[AVAILABLE DATA]:
════════

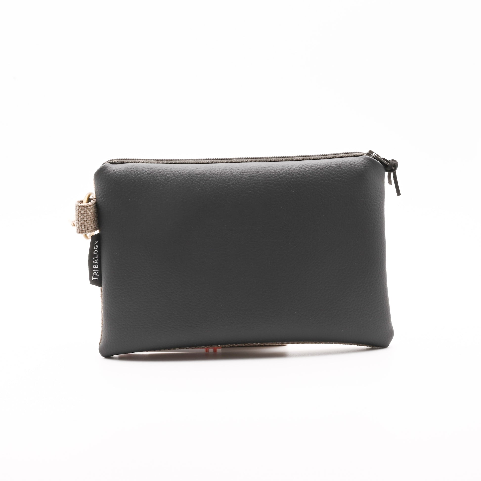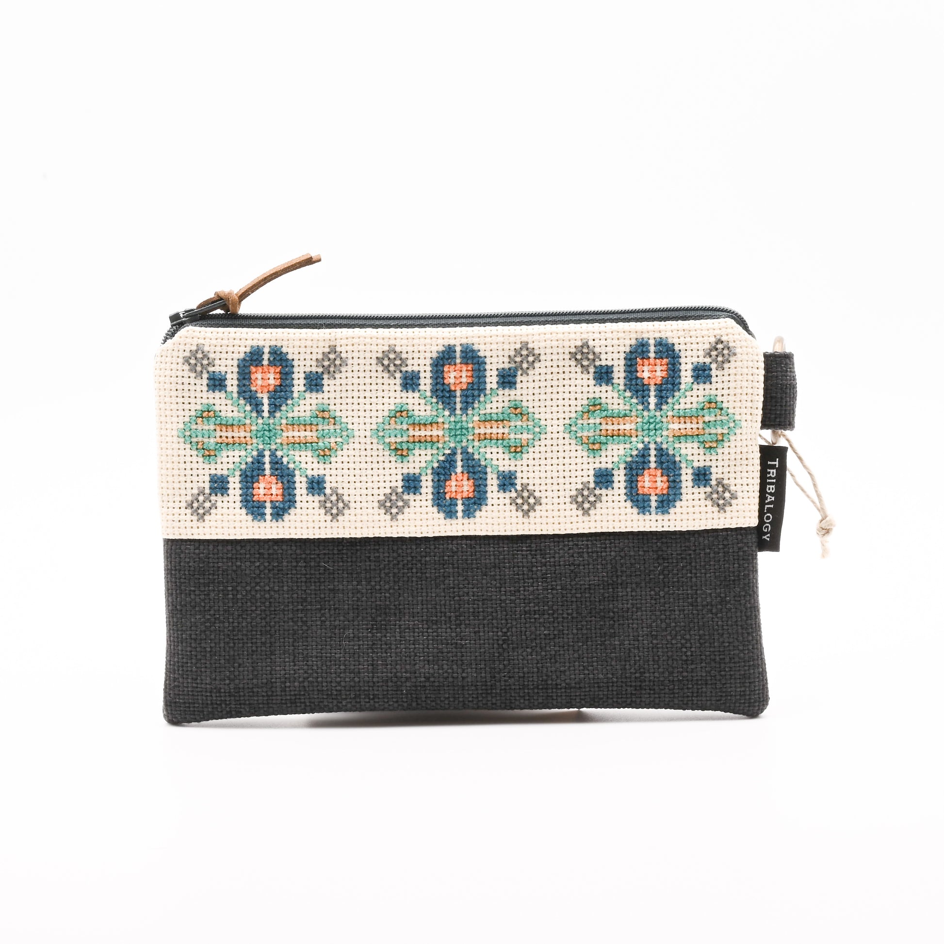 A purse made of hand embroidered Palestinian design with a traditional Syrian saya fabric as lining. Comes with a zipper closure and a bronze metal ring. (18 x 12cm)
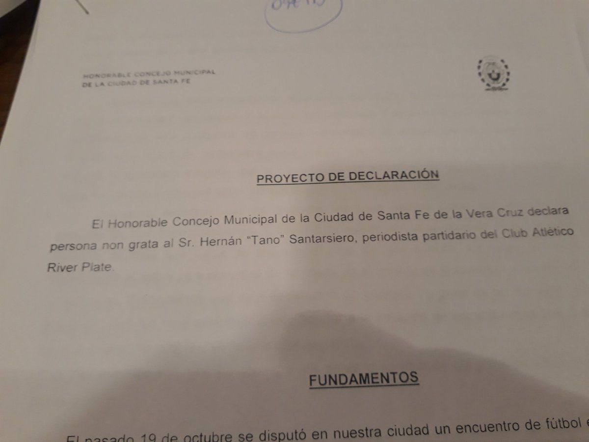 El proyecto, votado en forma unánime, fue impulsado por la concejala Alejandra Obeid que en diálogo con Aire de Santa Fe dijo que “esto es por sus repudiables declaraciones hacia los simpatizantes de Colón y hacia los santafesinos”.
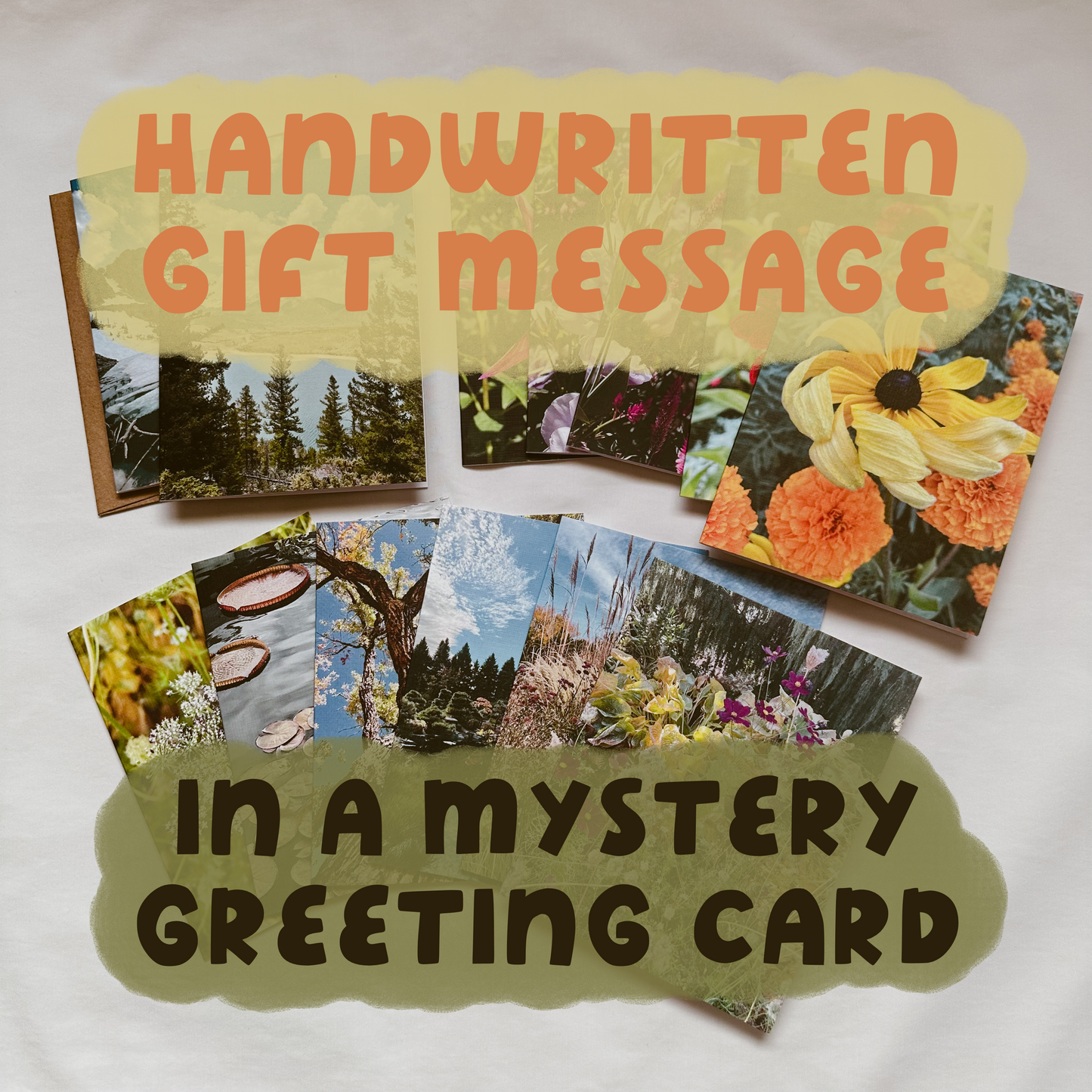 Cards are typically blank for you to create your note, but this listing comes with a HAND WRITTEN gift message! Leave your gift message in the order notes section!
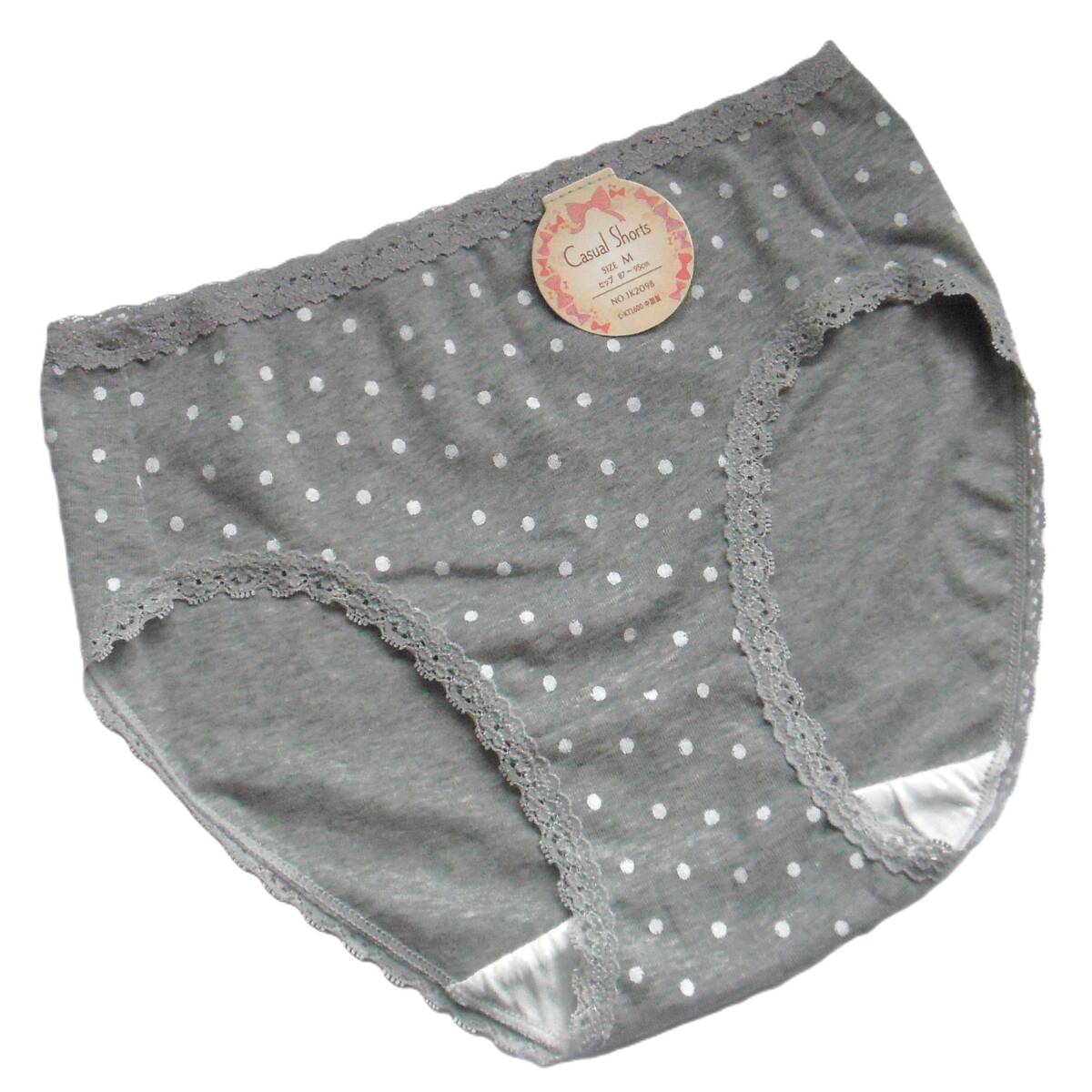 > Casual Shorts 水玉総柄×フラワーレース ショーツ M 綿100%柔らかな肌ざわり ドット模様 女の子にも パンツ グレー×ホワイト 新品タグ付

════════

[EXERCISE]:
Only the pictures are to be dropped; return everything else in the listing exactly.

[TASK OUTPUT]:
 A purse made of hand embroidered Palestinian design with a traditional Syrian saya fabric as lining. Comes with a zipper closure and a bronze metal ring. (18 x 12cm)
 El proyecto, votado en forma unánime, fue impulsado por la concejala Alejandra Obeid que en diálogo con Aire de Santa Fe dijo que “esto es por sus repudiables declaraciones hacia los simpatizantes de Colón y hacia los santafesinos”.
 Cards are typically blank for you to create your note, but this listing comes with a HAND WRITTEN gift message! Leave your gift message in the order notes section!
 > Casual Shorts 水玉総柄×フラワーレース ショーツ M 綿100%柔らかな肌ざわり ドット模様 女の子にも パンツ グレー×ホワイト 新品タグ付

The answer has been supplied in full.